# Design Logic Bikes 2014"Da-Phat" cargo bike preorders



## Design Logic Bikes (Feb 13, 2012)

We are taking deposits for the new 2014 Design Logic "Da-Phat" this bike will have the same spex as our "Da-Trail" but have a 170 rear dropout spacing and be able to fit surly 100mm clown shoe rims and Bud and Larry 4.8 tires. the rear triangle and wheel will be built symmetrical and able to be swapped out for a 29er for riding enjoyment year round. Frames will be $1495 with choice of powder coat paint and be shipping late spring, early summer.


----------



## Gigantic (Aug 31, 2012)

that sounds awesome Lance!


----------



## Lone Desert Walker (Sep 15, 2011)

*Finally!*

:thumbsup:Thank you! Can not wait to see one of them! I'm glad someone finally stepped up to the plate on this. 135mm front spacing? Multiple spots for water bottle cages? And made in America! Horizontal Dropouts would be sweet for all of the single speeders out there.


----------



## slimhazy (Oct 13, 2009)

What are the specs for the fork? 

Or what existing fat forks will work with the frame?


----------



## Design Logic Bikes (Feb 13, 2012)

It will be using the Surly moonlander fork


----------



## 1spd1way (Jun 30, 2006)

Any pics of the Phat-one?


----------



## Design Logic Bikes (Feb 13, 2012)

I just took them to paint yesterday, I will have pix in the next two weeks, stay tuned!


----------



## 1spd1way (Jun 30, 2006)

Cool thanks. Any of them fit for stubby-legged folk or all for six footers (The Freaks!)?


----------



## Gigantic (Aug 31, 2012)

1spd1way said:


> Cool thanks. Any of them fit for stubby-legged folk or all for six footers (The Freaks!)?

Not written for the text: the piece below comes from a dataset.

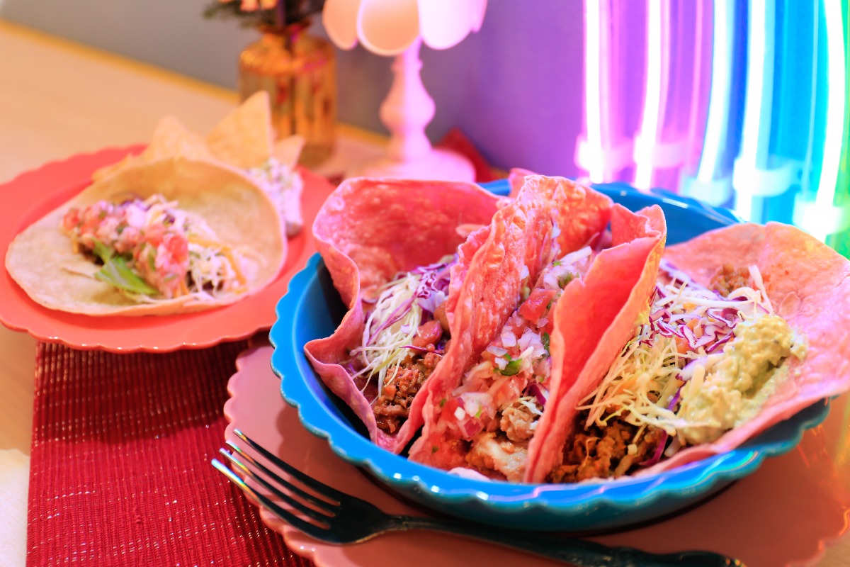 1月24日にオープンした姉妹店「VICKY’S TACOS」では、「banabee」のバナナジュースはもちろん、スーパーフード“ビーツ”を使ったピンク生地の新定番メニュー「タコス」が大人気! POPで可愛い装飾が彩る店内でゆったり過ごしてみて♪

mere six-footers are stubbly-legged folk as far as i'm concerned...


----------



## Design Logic Bikes (Feb 13, 2012)

We made 3 frames, 2 the same size as the "Da-Trail" but one low standover small custom that is sold already. The bikes will be painted and built in the next 2 weeks. The small frame is in the back of the picture.


----------



## 1spd1way (Jun 30, 2006)

We are all freaks on someone else's scale...


----------



## 1spd1way (Jun 30, 2006)

Great! Thanks! I'm now holding off on a BD frame....


----------



## Design Logic Bikes (Feb 13, 2012)

*2014 Design Logic Bikes small custom "Da Phat" fresh out of the lab!*







2014 Design Logic Bikes small custom "Da Phat" fresh out of the lab!


----------



## Gigantic (Aug 31, 2012)

That's hot!


----------



## KK89 (May 21, 2013)

^Nope it's awesome!!


----------



## Lone Desert Walker (Sep 15, 2011)

That is super nice! Good job.


----------



## Design Logic Bikes (Feb 13, 2012)

Thanks guys.


----------